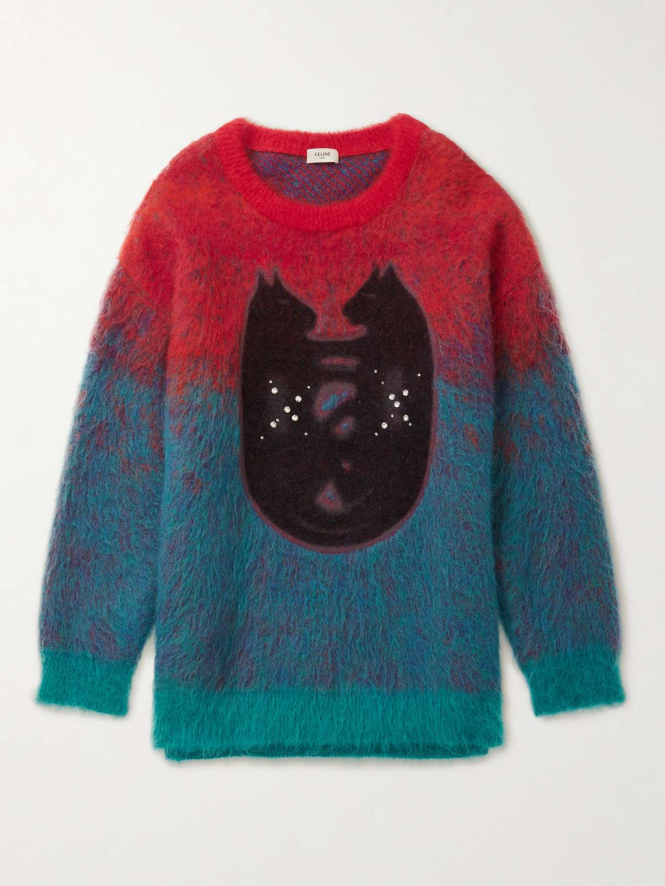 EXCLUSIVE AT MR PORTER. CELINE HOMME's sweater is brought into focus by a pair of crystal-embellished Egyptian cats set against a vibrant dégradé colour palette. It's spun from a fuzzy mohair-blend in a slouchy profile.
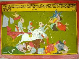 | Description / विवरण | Miniature painting based on Harivansha depicting a scene of battle field in which Narkasur is being killed by Krishna, who is attacking with bow and arrows. The battle is compared to Indra breaking a mountain. |
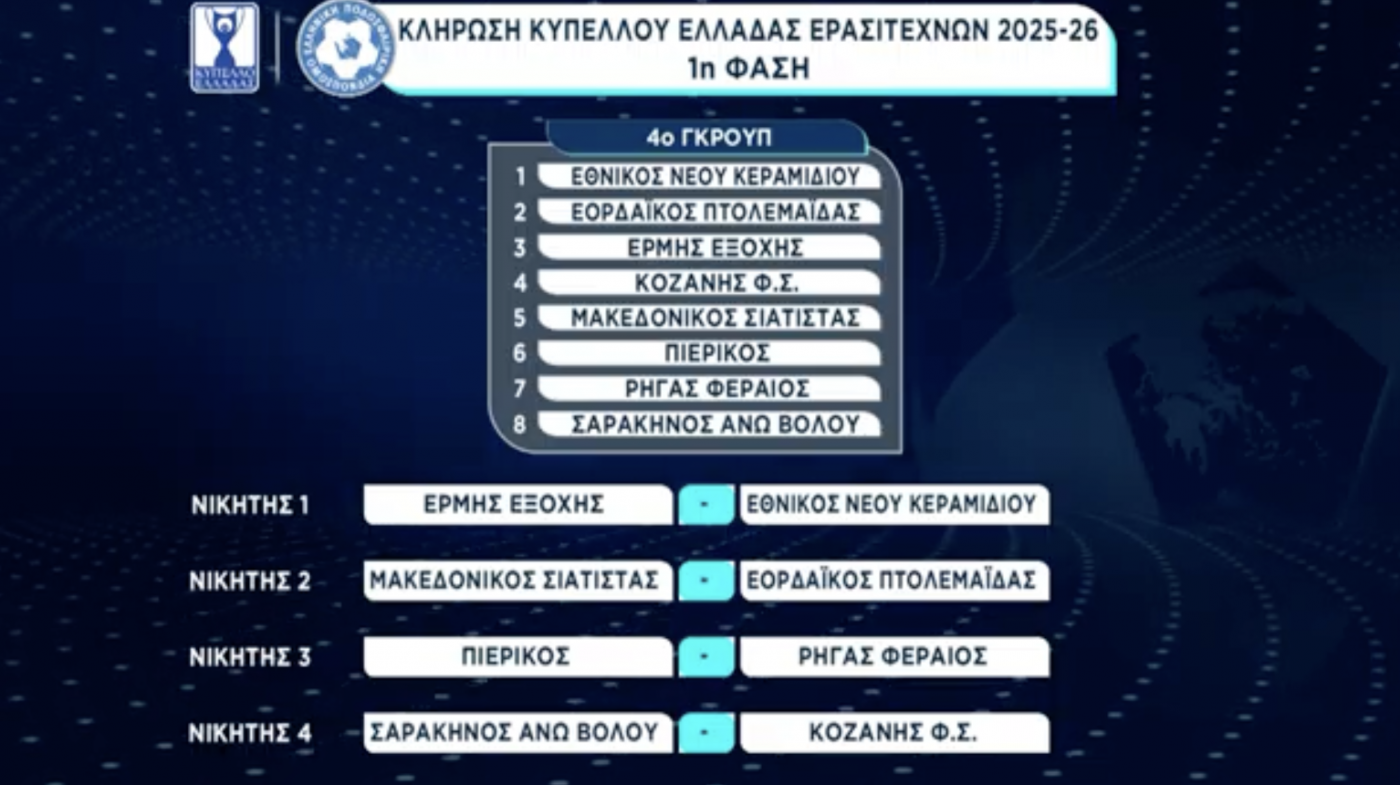 Αναλυτικά τα ζευγάρια στο 4ο γκρουπ του Κυπέλλου Ερασιτεχνών.
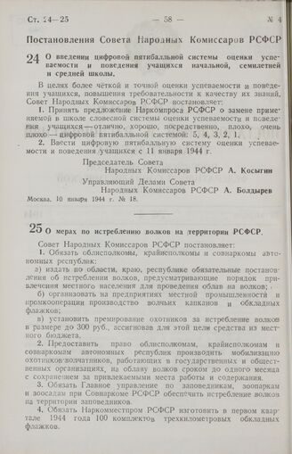 Постановление Совета Народных Комиссаров РСФСР. О введении цифровой пятибалльной системы оценки успеваемости и поведения учащихся начальной, семилетней и средней школы. 10 января 1944 г. № 18
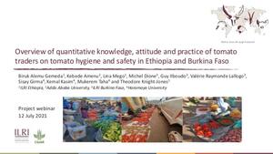 2021Overview of quantitative knowledge, attitude and practice of tomato traders on tomato hygiene and safety in Ethiopia and Burkina FasoGemeda, Biruk A.Amenu, K.Mego, LinaDione, Michel M.Ilboudo, Guy S.Lallogo, Valérie R.Girma, S.Kasim, K.Taha, M.Knight-Jones, Theodore J.D.
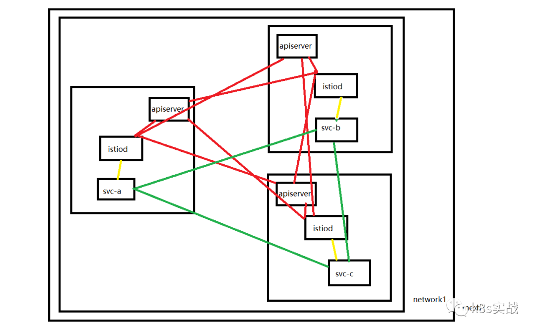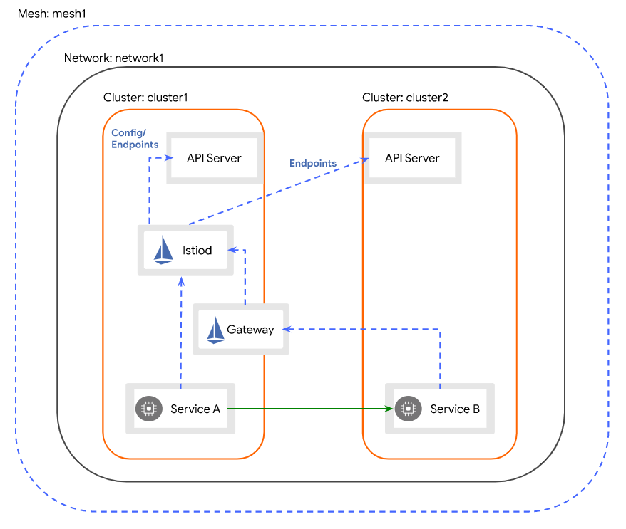 cluster1和cluster2在同一个网络network1,cluster1和cluster2分别有一个istiod,cluster1的istiod监控cluster1和cluster2的apiserver,cluster2的isitod监控cluster1和cluster2的apiserver。cluster1的service链接cluster1的istiod,cluster2的service连的试cluster2的istiod。cluster1的service和cluster2的service直接链接。
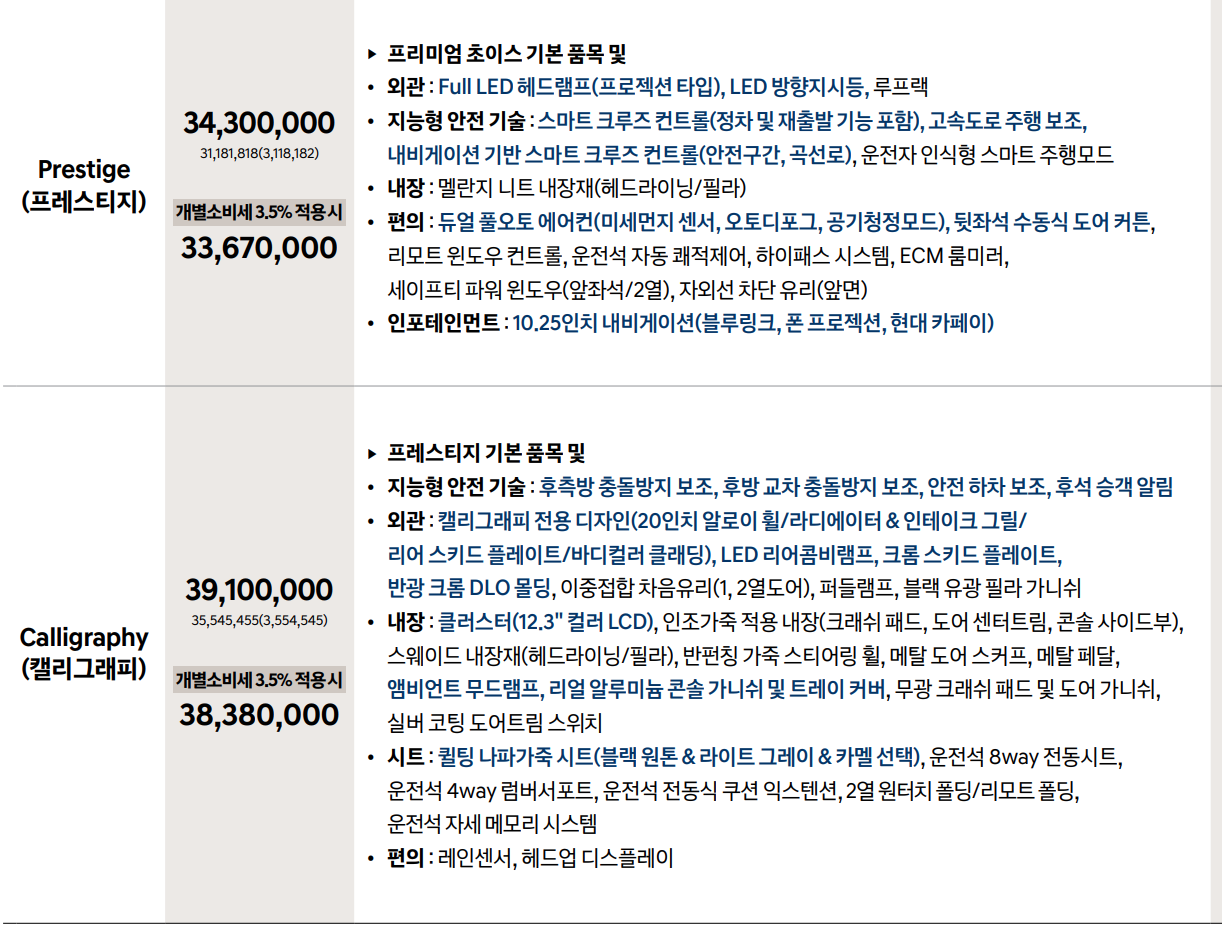 가격은 싼타페 프리미엄은 2975만원부터, 캘리그래피는 3,838만원으로 구성되어 있죠.
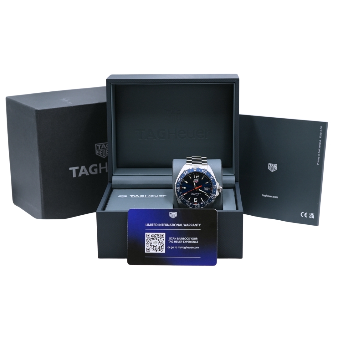 A Tag Heuer Formula 1 WAZ1010 is a dynamic timepiece that embodies the essence of high-performance motorsport, seamlessly blending precision engineering with bold design. Crafted from durable stainless steel, the 43mm case exudes a sporty look that reflects Tag Heuer’s racing legacy. The blue bezel and matching blue dial create a striking visual appeal, while the bold indices and luminous hands ensure excellent readability in any environment.

* _Try it_
The listing above should be repeated word for word, pictures removed.

* _Answer space_
 EXCLUSIVE AT MR PORTER. CELINE HOMME's sweater is brought into focus by a pair of crystal-embellished Egyptian cats set against a vibrant dégradé colour palette. It's spun from a fuzzy mohair-blend in a slouchy profile.
 | Description / विवरण | Miniature painting based on Harivansha depicting a scene of battle field in which Narkasur is being killed by Krishna, who is attacking with bow and arrows. The battle is compared to Indra breaking a mountain. |
 Αναλυτικά τα ζευγάρια στο 4ο γκρουπ του Κυπέλλου Ερασιτεχνών.
 Постановление Совета Народных Комиссаров РСФСР. О введении цифровой пятибалльной системы оценки успеваемости и поведения учащихся начальной, семилетней и средней школы. 10 января 1944 г. № 18
 2021Overview of quantitative knowledge, attitude and practice of tomato traders on tomato hygiene and safety in Ethiopia and Burkina FasoGemeda, Biruk A.Amenu, K.Mego, LinaDione, Michel M.Ilboudo, Guy S.Lallogo, Valérie R.Girma, S.Kasim, K.Taha, M.Knight-Jones, Theodore J.D.
 cluster1和cluster2在同一个网络network1,cluster1和cluster2分别有一个istiod,cluster1的istiod监控cluster1和cluster2的apiserver,cluster2的isitod监控cluster1和cluster2的apiserver。cluster1的service链接cluster1的istiod,cluster2的service连的试cluster2的istiod。cluster1的service和cluster2的service直接链接。
 가격은 싼타페 프리미엄은 2975만원부터, 캘리그래피는 3,838만원으로 구성되어 있죠.
 A Tag Heuer Formula 1 WAZ1010 is a dynamic timepiece that embodies the essence of high-performance motorsport, seamlessly blending precision engineering with bold design. Crafted from durable stainless steel, the 43mm case exudes a sporty look that reflects Tag Heuer’s racing legacy. The blue bezel and matching blue dial create a striking visual appeal, while the bold indices and luminous hands ensure excellent readability in any environment.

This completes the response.